Let $A$ be one of the two distinct points of intersection of two unequal coplanar circles $C_1$ and $C_2$ with centers $O_1$ and $O_2$ respectively. Let $S$ be such point on line $O_1O_2$ so that tangents on $C_1$ touches it at $P_1$ and $Q_1$ and tangents on $C_2$ touches it at $P_2$ and $Q_2$ . Let $M_1$ be the midpoint of $P_1Q_1$ and $M_2$ the midpoint of $P_2Q_2$ . Prove that $\angle O_1AO_2 = \angle M_1AM_2$ .

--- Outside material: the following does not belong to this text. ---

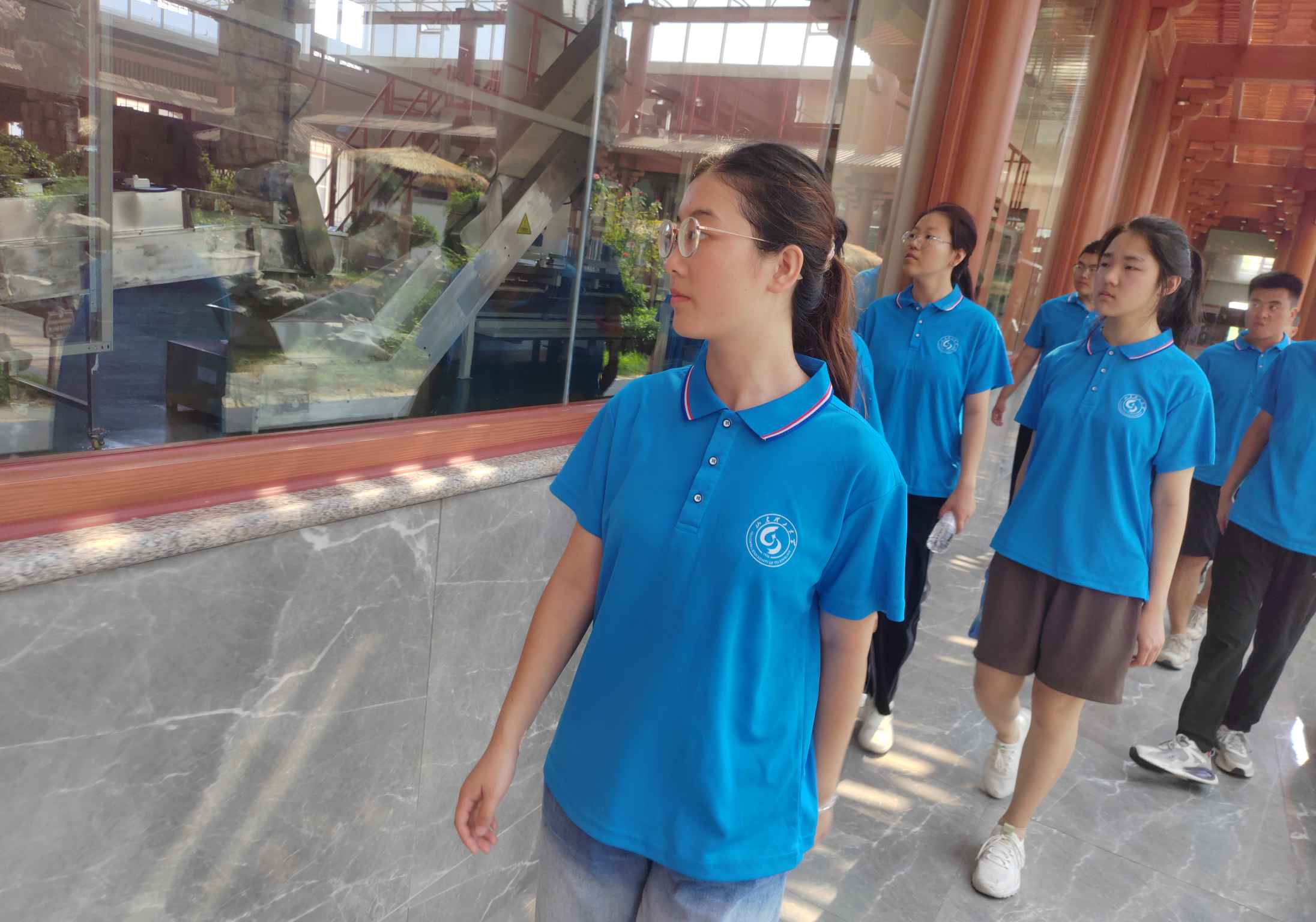 图为团队成员参观桑产品生产车间 在调研中,实践团成员与该研究院的专家进行了深入交流。专家们向实践团成员介绍了古桑产业的发展历程、现状和未来的发展趋势,并就古桑产业存在的问题和未来的发展方向进行了深入探讨。实践团成员也向专家提出了自己在调研中的疑问,得到了专家的详细解答。
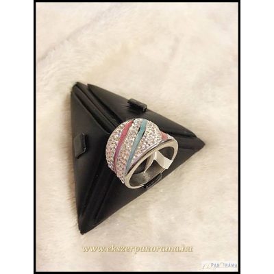Antiallergén nemesacél gyűrű gyönyörűen csillogó fehér kristályokkal és rózsaszín, világos kék betéttel! Divatos, szép kiegészítő kiváló minőségben!

Proof: Since $S$ is image of $M_1$ under inversion wrt circle $C_1$ we have: $\angle O_1AM_1 = \angle O_1M_1'A'= \angle O_1SA$ Since $S$ is image of $M_2$ under inversion wrt circle $C_2$ we have: $\angle O_2SA= \angle O_2A'S'= \angle O_2AM_2$ Image of $A$ is in both cases $A$ itself, since it lies on both circles. Since $\angle O_1SA = \angle O_2SA$ we have: $\angle M_1AO_1=\angle M_2AO_2$ Now: $\angle O_1AO_2 = \angle M_1AM_2-\angle M_1AO_1+\angle M_2AO_2 = \angle M_1AM_2$

This solution was posted and copyrighted by Number1. The original thread for this problem can be found here: [1]

Solution 2

Let $P_1P_2$ and $Q_1Q_2$ meet at $R$ . Let $RA$ meet $C_2$ at $B$ . Now, it is well-known that $O_1O_2$ , $P_1P_2$ , and $Q_1Q_2$ are concurrent at $R$ , the center of homothety between $C_1$ and $C_2$ . Now, it is well-known that $O_1O_2$ bisects $\angle P_1RQ_1$ . Since $P_1R = Q_1R$ , we have that $O_1O_2R$ meets $P_1Q_1$ at its midpoint, $M_1$ , and $P_1Q_1$ is perpendicular to $O_1O_2R$ . Similarly, $O_1O_2R$ passes through $M_2$ and is perpendicular to $P_2Q_2$ . Since $O_2P_2\perp P_2R$ , we have that $RA\cdot RB = RP_2^2 = RM_2\cdot RO_2$ , which implies that $ABM_2O_2$ is cyclic. Yet, since $A$ and $B$ lie on $C_1$ and $C_2$ respectively and are collinear with $R$ , we see that the homothety that maps $C_1$ to $C_2$ about $R$ maps $A$ to $B$ . Also, $O_1$ is mapped to $O_2$ by this homothety, and since $M_1$ and $M_2$ are corresponding parts in these circles, $M_1$ is mapped to $M_2$ by this homothety, so $\angle O_1AM_1 = \angle O_2BM_2 = \angle O_2AM_2$ , from which we conclude that $\angle O_2AO_1 = \angle M_2AOM_1$ .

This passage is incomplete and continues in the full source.